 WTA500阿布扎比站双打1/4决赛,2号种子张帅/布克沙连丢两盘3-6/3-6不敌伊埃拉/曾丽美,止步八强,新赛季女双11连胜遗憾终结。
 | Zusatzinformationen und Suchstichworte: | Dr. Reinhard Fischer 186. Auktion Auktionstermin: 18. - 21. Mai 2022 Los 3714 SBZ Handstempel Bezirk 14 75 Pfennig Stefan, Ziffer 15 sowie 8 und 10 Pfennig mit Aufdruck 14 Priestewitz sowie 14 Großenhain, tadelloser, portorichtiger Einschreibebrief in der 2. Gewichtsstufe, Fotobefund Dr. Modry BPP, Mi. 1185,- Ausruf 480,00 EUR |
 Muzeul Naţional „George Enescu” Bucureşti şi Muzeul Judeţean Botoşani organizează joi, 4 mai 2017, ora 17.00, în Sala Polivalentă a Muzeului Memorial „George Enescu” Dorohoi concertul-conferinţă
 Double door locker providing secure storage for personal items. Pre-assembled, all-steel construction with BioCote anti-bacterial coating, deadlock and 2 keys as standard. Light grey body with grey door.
++++++++
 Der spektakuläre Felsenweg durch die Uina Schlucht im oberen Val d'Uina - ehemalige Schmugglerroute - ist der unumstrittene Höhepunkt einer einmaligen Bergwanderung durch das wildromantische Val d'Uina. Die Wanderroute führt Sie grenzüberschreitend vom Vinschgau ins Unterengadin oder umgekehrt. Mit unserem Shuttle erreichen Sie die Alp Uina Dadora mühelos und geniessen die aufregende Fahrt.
++++++++
What the task requires
Reproduce word for word the material above, starting with the line that has "WTA500阿布扎比站双打1" and stopping after the line that has "Double door locker".

Result
 WTA500阿布扎比站双打1/4决赛,2号种子张帅/布克沙连丢两盘3-6/3-6不敌伊埃拉/曾丽美,止步八强,新赛季女双11连胜遗憾终结。
 | Zusatzinformationen und Suchstichworte: | Dr. Reinhard Fischer 186. Auktion Auktionstermin: 18. - 21. Mai 2022 Los 3714 SBZ Handstempel Bezirk 14 75 Pfennig Stefan, Ziffer 15 sowie 8 und 10 Pfennig mit Aufdruck 14 Priestewitz sowie 14 Großenhain, tadelloser, portorichtiger Einschreibebrief in der 2. Gewichtsstufe, Fotobefund Dr. Modry BPP, Mi. 1185,- Ausruf 480,00 EUR |
 Muzeul Naţional „George Enescu” Bucureşti şi Muzeul Judeţean Botoşani organizează joi, 4 mai 2017, ora 17.00, în Sala Polivalentă a Muzeului Memorial „George Enescu” Dorohoi concertul-conferinţă
 Double door locker providing secure storage for personal items. Pre-assembled, all-steel construction with BioCote anti-bacterial coating, deadlock and 2 keys as standard. Light grey body with grey door.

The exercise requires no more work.